Things hardly anyone knows about me.
I do what I do because I spent a large amount of my life not believing in myself, which led me to read over 3000 books out of desperation.
I now use what I learned to help transform the lives of others which ironically was what allowed me to change mine.
I cry at sad films. When I watched “A Field of dreams” I wept so much that my wife thought there was something wrong with me.
The scene that did it was the one where he asked his father if he wanted to play catch.
I spent many years wondering how I would feel when my father died.
I thought there were only two possible options.
1. That I would be freed from him.
2. That I would be devastated
As it turned out I was devastated but not for the reasons I thought. I was devastated because somewhere within me at age 42 I was still waiting for him to be a father to me.
But now he never would be.
I still weep for my father.
As time has gone by, I miss the family members I’ve lost more and more, and I think I’ve only really come to appreciate them since they have been gone. I wish I’d noticed the special things about them more than I had noticed their faults.
I don’t recall anyone ever using the word love, but I made sure that I told the family members who were dying how much I loved them before they passed. I didn’t get to say it to everyone. The ones I did wept and told me they loved me too.
It took me ten years from the time I decided to be a motivational speaker to give my first speech because I didn’t believe I had anything worth saying.
I feel guilty because I promised my children when they were little that I would build them a big house with a high wall around it with gates.

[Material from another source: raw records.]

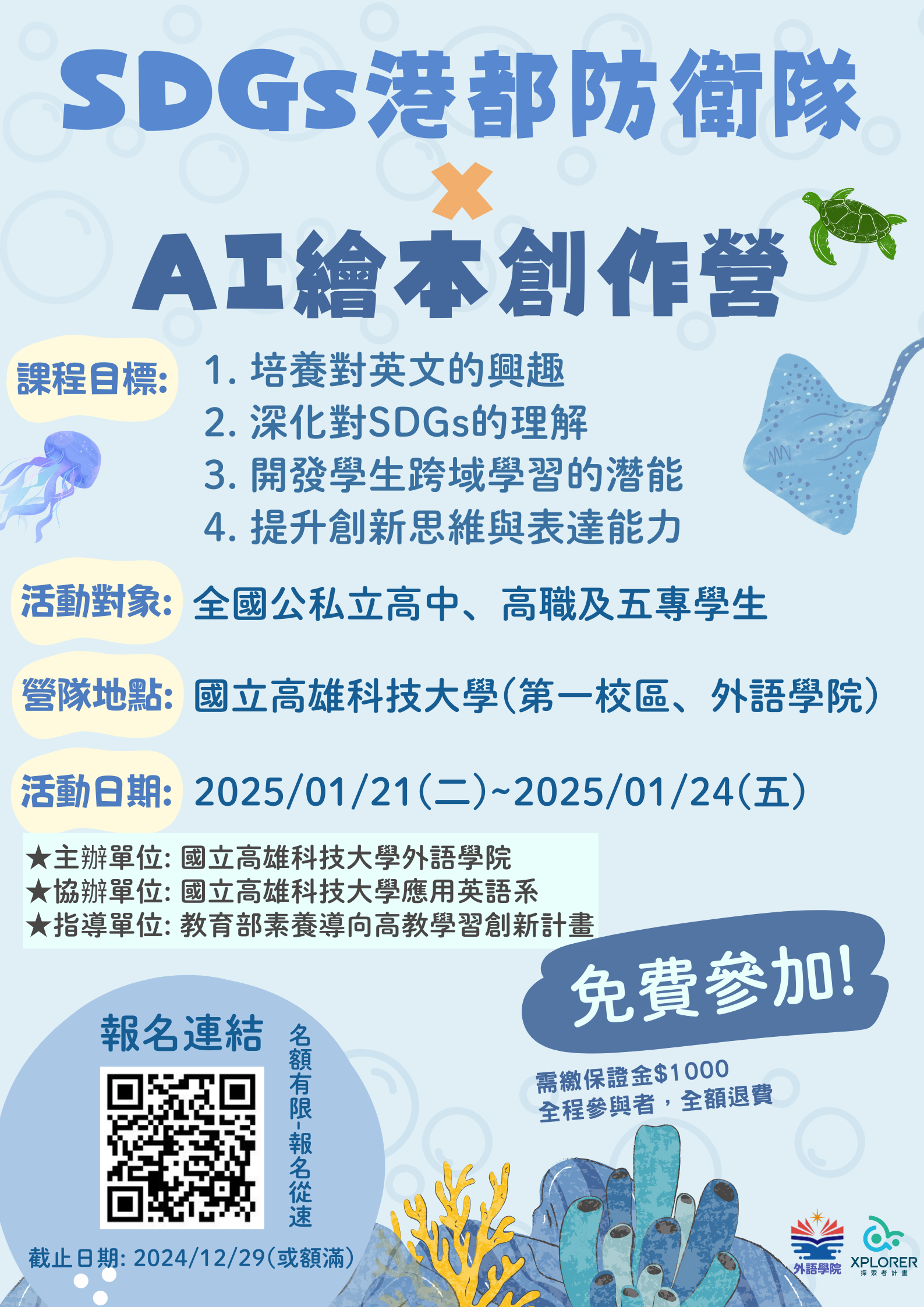 一、本校外語學院執行「教育部素養導向高教學習創新計畫」,預計於114年1月21日至114年1月24日舉辦「SDGs港都防衛隊 x AI繪本創作營」。本活動鼓勵全國公私立高中、高職及五專學生參與並深入探討海洋環境議題,並透過ChatGPT和AI繪圖生成文字及圖片,並應用於Canva 設計工具中,產出數位繪本,展現對海洋保育的認識與反思。本營隊採線上報名,額滿為止。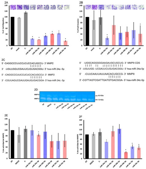 MMP2 and MMP9 are well-recognized markers of invasion [,]; therefore, we analyzed the activity of the two metalloproteases. We searched for binding sites of miR-34 family members in MMP2 and/or MMP9 mRNAs, and we found that miR-34a-5p and miR-34c-5p had binding sites for these genes (Figure 2C). However, miR-34a-5p and miR-34c-5p that have 3’ untranslated region (UTR) binding sites did not show any effects, contrary to the miR-34a-3p mimic that showed a reduction in MMP2 activity despite 3’ UTR binding sites being absent (Figure 2D,E). Moreover, miR-34a-5p, miR-34b-5p, miR-34b-3p, miR-34c-5p, and miR-34c-3p overexpression did not present a statistically differential effect in MMP2 activity (Figure 2E). On the other hand, MMP9 activity was diminished by miR-34a-5p, miR-34b-3p, miR-34c-5p, and miR-34c-3p (Figure 2G,H). In accordance with database RNA22-HSA MMP9 is targeted by miR-34a-5p and miR-34c-5p (Figure 2C); interestingly, miR-34b-3p and miR-34c-3p reduced its activity. It is not clear if the 3p strands of miR-34b and c target MMP9 directly or indirectly.
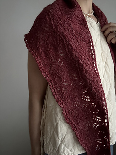 This crescent shawl begins at the center top and yarn overs drastically increase stitches, which gives it a beautiful drape. The pattern has both charted and written instructions.

I said I was going to get them a swimming pool with a curly slide and stables for their ponies.
I didn’t do it but found out years later that the reason I wanted the high walls was to protect them from the abuse I suffered as a child and to surround them with an impenetrable wall of protection.
I managed to do that; the mind has its own way of telling us what needs to be done.
I discovered the secret to ending procrastination when I was 12 years old as I sat on the starting line of a dirt bike race terrified. It works and it is psychologically proven to work.
I won the British sand racing championship round in Jersey in 1985 after taking three years off.
That year the British championship was over 12 rounds all over the UK. Up until then the British championship was over just one event in Jersey. If I had come back a year earlier, I would have been the British champion.
I ranked as the top 1% of salespeople in the world.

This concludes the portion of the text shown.